Oggi ho ricevuto la bellezza di 11 telefonate dalla docente di non so quale materia presso un istituto che, per ovvie ragioni, è meglio tacere.
Si è trattato, per la verità, di una sequenza di brevi dialoghi surreali interrotti sempre dalla chiusura improvvisa da parte della malcapitata, sommersa dal caos co(s)mico della classe che cercava inutilmente di domare gridando uno strozzato “Sillenzioooo!” più di quanto le sue logore corde vocali potessero sopportare.
Ora, la conversazione ha raggiunto tali apici di follia che per un paio di volte ho chiesto se si trattasse di uno scherzo.
A parte il fatto che non ho idea di dove abbia scovato il mio numero di cellulare, l’impressione che mi è rimasta addosso per tutto il giorno è stata quella di avere assistito alla mattanza di un vecchio animale e di non avere potuto fare nulla non dico per salvarlo, cosa impossibile, ma quanto meno per risparmiargli un po’ di tutto quell’inutile dolore. Di quell’inutile umiliazione.
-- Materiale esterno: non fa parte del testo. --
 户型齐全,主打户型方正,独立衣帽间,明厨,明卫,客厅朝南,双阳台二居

Ho provato pena per questo essere umano sicuramente ultratrentenne che chiedeva disperatamente aiuto a ragazzini di sedici anni o giù di lì perché le dicessero cos’è uno slash, dove si scrive l’URL di un sito web e che cos’è Chrome, il tutto mentre l’aula prendeva il sopravvento con un crescendo rossiniano di grida, risate e sfottò beceri da far arrossire Paolo Bonolis.
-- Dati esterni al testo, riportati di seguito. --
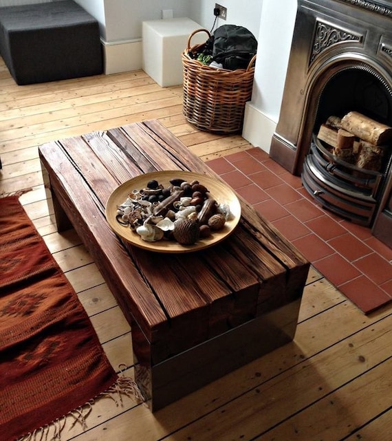 Handmade Reclaimed Wood Steel Coffee Table Vintage Rustic Etsy

Ma mi ha fatto anche un po’ rabbia pensare che una persona evidentemente priva di carisma, carente in autocontrollo e pure un poco digiuna delle più elementari nozioni di informatica pretenda di fare l’insegnante, l’ho trovato ingiusto per i ragazzi che le stavano davanti. O attorno. O sopra, alla fine non si capiva più niente, tanto era il casino.
Ho sempre pensato che, nel migliore dei mondi possibili, quello dell’insegnante dovrebbe essere un mestiere e non un lavoro.
Non che le cose andassero meglio, quando avevo sedici anni io. Ma almeno avevo sedici anni. E non dovevo passare il mio tempo al telefono. Ad ascoltare il grido di dolore di una creatura che soccombe, per di più.
A sedici anni avrei avuto l’arroganza o la decenza di dare ad una conversazione del genere il colpo di grazia che si merita: “Guardi che ha sbagliato numero, buona giornata…”.